Когда допрашивали декабриста Ивана Якушкина, Николай I прочувственно обратился к молодому человеку.

— Вы нарушили Вашу присягу?

— Виноват, государь.

— Что Вас ожидает на том свете? Проклятие. Мнение людей Вы можете презирать, но что ожидает Вас на том свете, должно Вас ужаснуть. Впрочем, я не хочу Вас окончательно губить: я пришлю к Вам священника. Что же Вы мне ничего не отвечаете?

— Что вам угодно, государь, от меня?

— Я, кажется, говорю Вам довольно ясно; если Вы не хотите губить Ваше семейство и чтобы с Вами обращались не как со свиньей, то Вы должны во всем признаться.

— Я дал слово не называть никого; все же, что знал про себя, я уже сказал Его Превосходительству, — ответил он, указывая на Левашева, стоящего поодаль.

— Что вы мне с Его Превосходительством и с Вашим мерзким честным словом!

— Назвать, государь, я никого не могу.

Николай I приказал:

— Заковать его так, чтобы он пошевелиться не мог. Далеко не равным был поединок между декабристами и Николаем I. Формально в нем побеждал всесильный в данном случае император. Но в схватке за человеческое достоинство, за честь и гражданственность победителями выходили молодые честные сыны России. Они с удивительным спокойствием преподносили ему пример другой, не известной до того морали.

Понятие «гражданин» пришло в Россию обогащенным новым содержанием первым русским революционером А. Н. Радищевым, человеком, который провел резкую черту между понятиями подлинного и ложного гражданина России.

— Варвар!
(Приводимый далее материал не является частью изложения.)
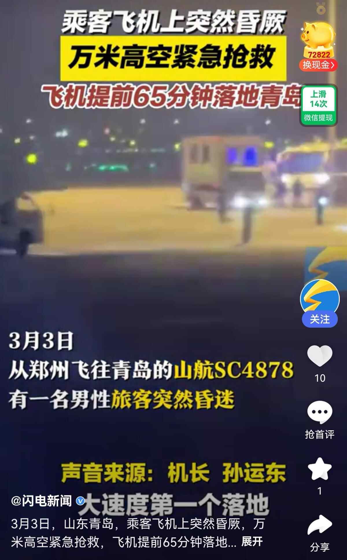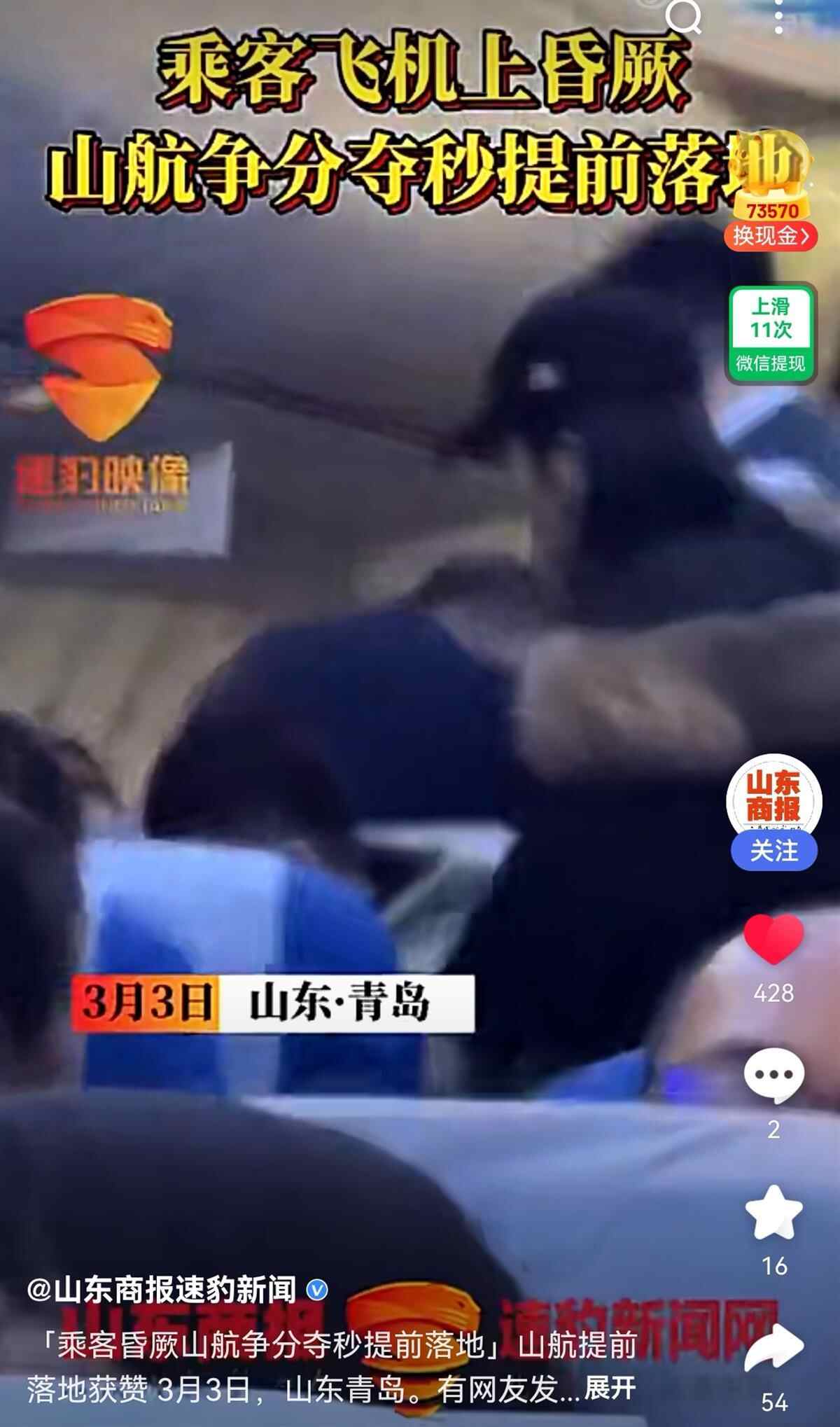 据澎湃新闻3月4日报道:3日,网友发视频点赞山东航空,航班上有乘客晕厥,客舱乘务员及时抢救,飞机提前一小时抵达目的地。机长事后现身评论区:“确切的说是提前65分钟”,并晒出当天朋友圈截图说“为你保驾护航职责所在,祝一切安好!”

Недостоин ты носить имя гражданина, — гневно обращался он к русскому помещику, угнетателю крестьян, основному столпу крепостного права.

Наступало великое время. Его молодые представители уже почувствовали историческую потребность наполнить новым содержанием понятие «гражданин России». Они вырабатывают свои принципы чести, свое понятие доблести, свое понимание патриотизма.

Словно два мира, чуждых и враждебных один другому, различно воспринимавших установившиеся некогда понятия, «молодые» противостоят «старым», «отцы» — «детям». Между ними пролегает глубокая пропасть.

— Мы отдалились от них на целых сто лет! — говорил в этой связи декабрист Иван Якушкин.

Совсем по-другому Понимала свое место в жизни и мире «молодая» Россия.

«Знаки почтения и титулы не всегда являются признаками чести», — писал князь Иван Щербатов, друг декабристов.

Своеобразным подтверждением этих слов явилась война против Наполеона. В июньские дни 1812 года французская армия перешла Неман. Под развевающиеся боевые знамена России дворяне могли встать только добровольно. Но для них, аристократов, это было патриотическим долгом.

Юноша Никита Муравьев с военной картой в кармане сбежал из дома, чтобы присоединиться к армии. Его схватили, связали, приняв за шпиона. Но в штабе быстро разобрались, что этот мальчик — сын воспитателя императора Михаила Никитича Муравьева. Его отправляют обратно домой с письмом к матери Екатерине Муравьевой, в котором ее благодарили, что воспитала такого смелого и решительного сына.

Но по-разному вели себя дворяне. Генерал А. Кологривов, например, вернулся в армию лишь 2 октября 1812 года — после Бородинской битвы, после того, как Москва целый месяц находилась в руках французов! Служба э армии, как и возвращение к активной военной деятельности, для дворян в то время были делом сугубо личным.

С мечом в руках встать на защиту Отечества быд0 делом проявления активного патриотизма, делом чести каждого будущего декабриста.

«В то трудное и сложное время, — писал Иван Якушкин, — каждый из нас во многом вырос».

Будущие декабристы были первыми, дали пример самоотверженного служения отечеству. И не только на поле брани. Иван Якушкин решил освободить своих крепостных. В связи с этим он обратился с письмом к правительству, но ему отказали.